_Information supplied_
□ □ □ □ □ □ □

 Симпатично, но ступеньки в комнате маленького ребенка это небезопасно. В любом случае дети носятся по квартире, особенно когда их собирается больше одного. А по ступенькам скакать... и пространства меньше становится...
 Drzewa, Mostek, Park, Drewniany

□ □ □ □ □ □ □

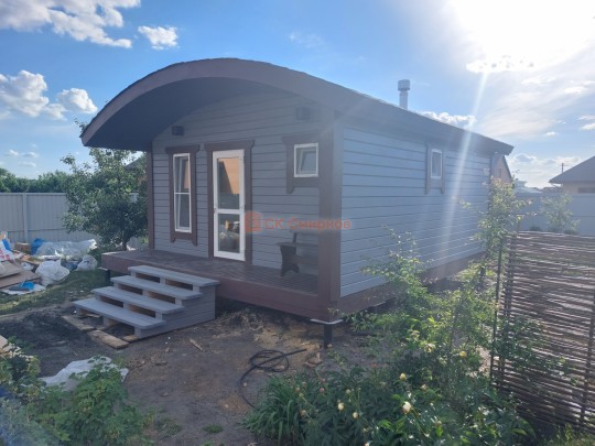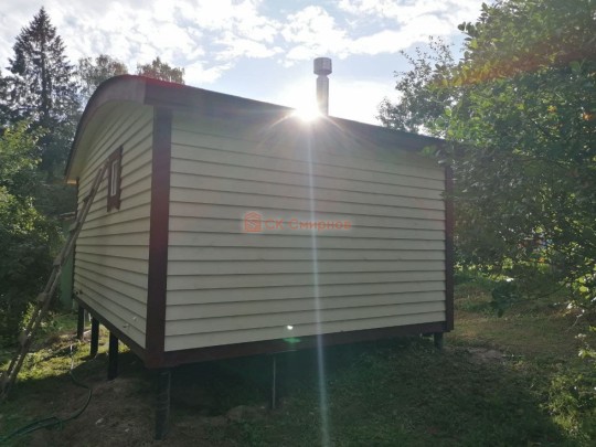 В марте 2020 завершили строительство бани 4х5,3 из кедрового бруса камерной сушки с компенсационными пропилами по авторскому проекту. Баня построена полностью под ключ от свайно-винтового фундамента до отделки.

□ □ □ □ □ □ □

Look above for the line holding "Симпатично, но ступеньки" and the line holding "Drzewa, Mostek, Park, Drewniany". Retype both, and every line between them, word for word and nothing else.

 Симпатично, но ступеньки в комнате маленького ребенка это небезопасно. В любом случае дети носятся по квартире, особенно когда их собирается больше одного. А по ступенькам скакать... и пространства меньше становится...
 Drzewa, Mostek, Park, Drewniany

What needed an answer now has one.